128B	[[8]]  %7:gr32 = MOV32ri 2
160B	[[9]]  JMP_1 %bb.3

176B	bb.2.if.else:
	; predecessors: %bb.0
	  successors: %bb.3(0x80000000); %bb.3(100.00%)

208B	[[7]]  %7:gr32 = nsw ADD32ri8 %7:gr32(tied-def 0), 2, implicit-def dead $eflags

240B	bb.3.if.end:
	; predecessors: %bb.2, %bb.1

288B	[[10]]  %7:gr32 = nsw INC32r %7:gr32(tied-def 0), implicit-def dead $eflags
304B	[[11]]  $eax = COPY %7:gr32
320B	[[12]]  RET 0, killed $eax

The following show the merging process.

Self interval:
32r::48r  %4  [[3]]  // If %4 is merged into 5%, then [[2]] must be devided and  generate two dests, %4 and %5. So here although the original dest is %5, but the pass will merge %5 into %4.
Other interval:
48r::64r  %5
join-end
join-begin
Self interval:
144r::176B  %7  [[15]]
224r::240B
240B::256r
Other interval:
128r::144r  %0
join-end
join-begin
Self interval:
192r::208r  %1  [[17]]  
208r::224r
Other interval:
16r::112B  %3
176B::192r
join-end
join-begin
Self interval:
128r::176B  {%0， %7}  [[16]]
224r::240B
240B::256r
Other interval:
16r::112B  {%1, %3}
176B::208r
208r::224r
join-end
join-begin
Self interval:
16r::112B  {%0, %1, %3, %7}  [[14]]  // Although the dest is %2, but after several rounds of joincopy, the src's liveinterval is larger than dest's.

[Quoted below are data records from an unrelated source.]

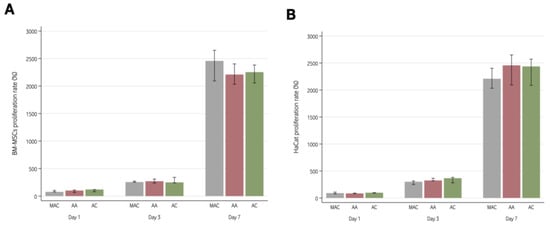 Proliferation rate of HaCats (A) and BM-MSCs (B) for the three groups: machined (MAC), anodization for dental abutments (AA), and anodization for implant collar (AC). Data expressed as median and interquartile range. BM-MSCs: Mouse bone marrow-derived mesenchymal stem cells; HaCats: Immortalized human keratinocytes.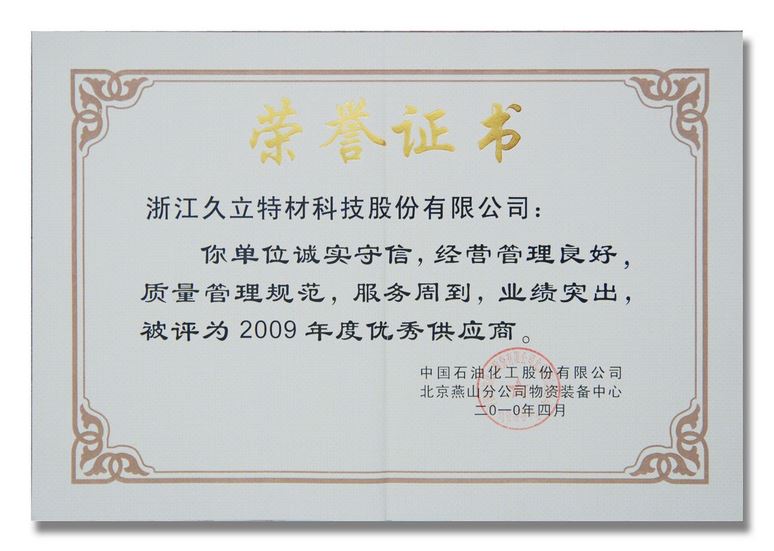 燕山石化优异供应商证书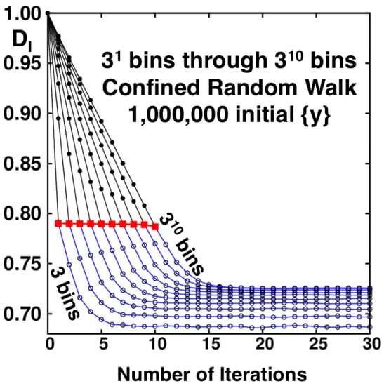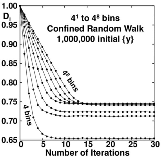 To seek uniqueness both the number of bins and the number of points per bin must approach infinity in averaging the bin probabilities: . To visualize taking this limit we illustrate the result of iterating a set of one million equally-spaced initial points on confined random walks: . We explore thirty iterations: . The confined random-walk iterations are governed by the output of the FORTRAN random number generator randomnumber(r). The dimensionality data are analyzed here using bins, with n varying from 0 to 10. The finest grid has bins of equal width . By combining the contents of 3, or 9, or 27, or…contiguous bins the entire set of 30 stepwise information dimensions for the ten binning choices can be obtained from a single run. The apparent information dimensions for the 300 problems (thirty iterations with ten bin sizes) are plotted as the ten lines shown in Figure 9.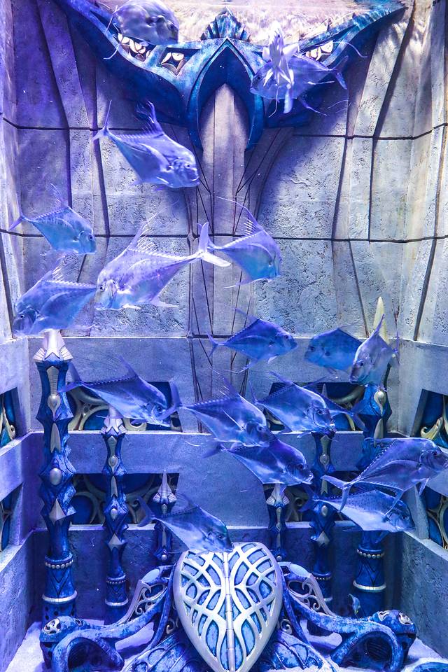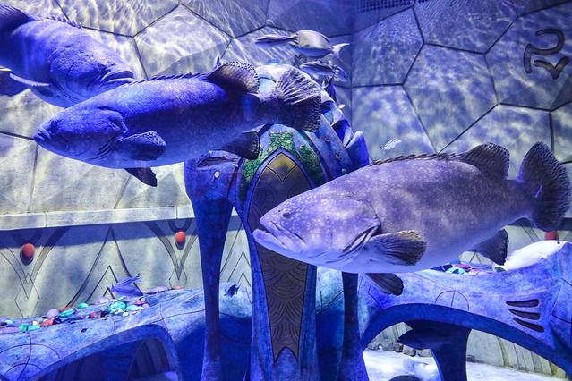 要说和其他水族馆的不同之处,便是它充满了神秘而又远古的神话色彩,漫步其中,仿佛走近了失落的乌托邦文明,探秘隐藏在海底千年的王国遗迹。整个水族馆灯光和音效氛围营造的非常好。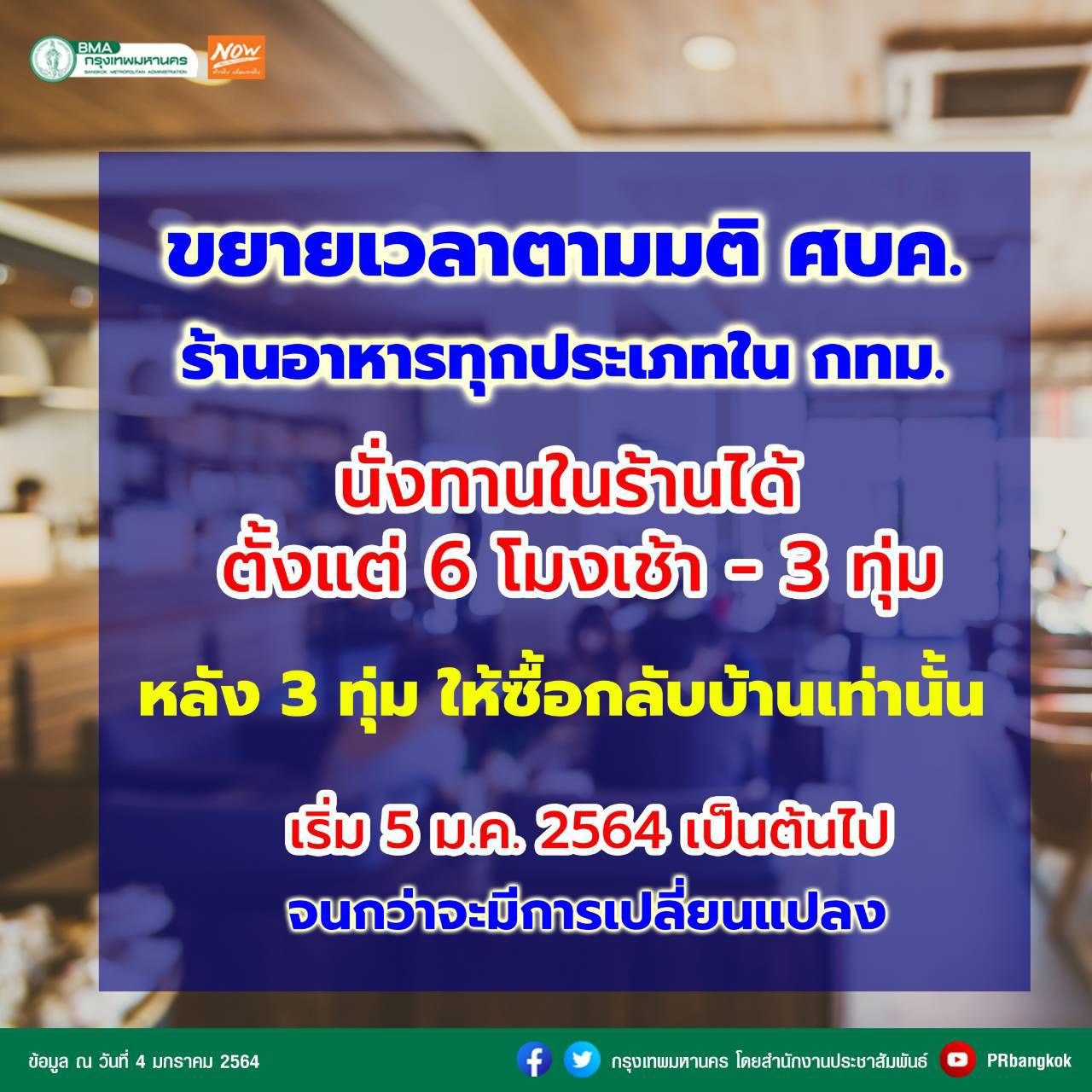 ศบค.กทม.เคาะเวลาเปิด-ปิดร้านอาหาร จำกัดนั่งกินได้6โมงเช้า-3ทุ่ม/ห้ามดื่มสุรา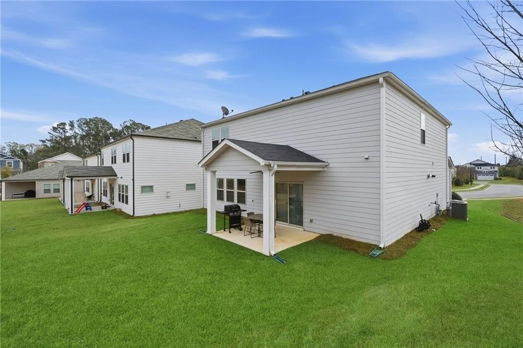 Discover a home that blends modern style, thoughtful upgrades, and effortless everyday living. This beautifully finished residence features an open, inviting layout with designer touches throughout — from striking black-and-gold kitchen accents to custom details that elevate every space. The chef’s kitchen is an entertainer’s dream with double ovens, gas cook top and upgraded fixtures. Just off the main living area, a private office with custom barn doors provides the perfect work-from-home retreat. Step outside and enjoy one of the home’s biggest highlights — a spacious, beautifully maintained backyard that offers endless possibilities. Whether you envision a play area, gardening, or simply relaxing under the covered patio, the yard provides the privacy and room to create your outdoor retreat. A ceiling fan on the patio and a Rainbird irrigation system add both comfort and convenience. Smart-home features include a doorbell camera, garage and backyard cameras, and a tankless water heater for endless hot water and long-term efficiency. Meticulously maintained and designed for both style and function, this home offers the best of modern living — inside and out.

So the %2 will be merged and be deleted.
128r::176B
176B::208r
208r::240B
240B::256r
Other interval:
256r::272r  {%2}
join-end
join-begin
Self interval:
16r::112B  {%0, %1, %2, %3, %7}  [[18]]
128r::176B
176B::208r
208r::240B
240B::272r
Other interval:
272r::288r  {%6}
288r::304r
join-end

When a copy is meet, and its src and dest are not the same register, the pass will try to merge the intervals of dest and src registers. If either of two intervals is too large, the optimization will stop. If the two intervals have a conflict, then the optimization will stop likely. If the conflict is caused by a coalescable copy, then the intervals can be merged. If the conflict is caused by a not-coalescable copy, by walking through the copy link, if the end of dst and the end of src are the same, then the invtervals can be merged. Following example explains such condition.

x4 = y1 add y2
x3 copy x4
x1 copy x2
src copy x3
dest copy x1(because at this point, dest equals to x4, and src equals to x4 too, so the MI can be ereased. So analyzeValue will return CR_Erase)
y3 = src and src

Certainly, there are other conditions to think about. These conditions are descripted in the body of JoinVals::analyzeValue.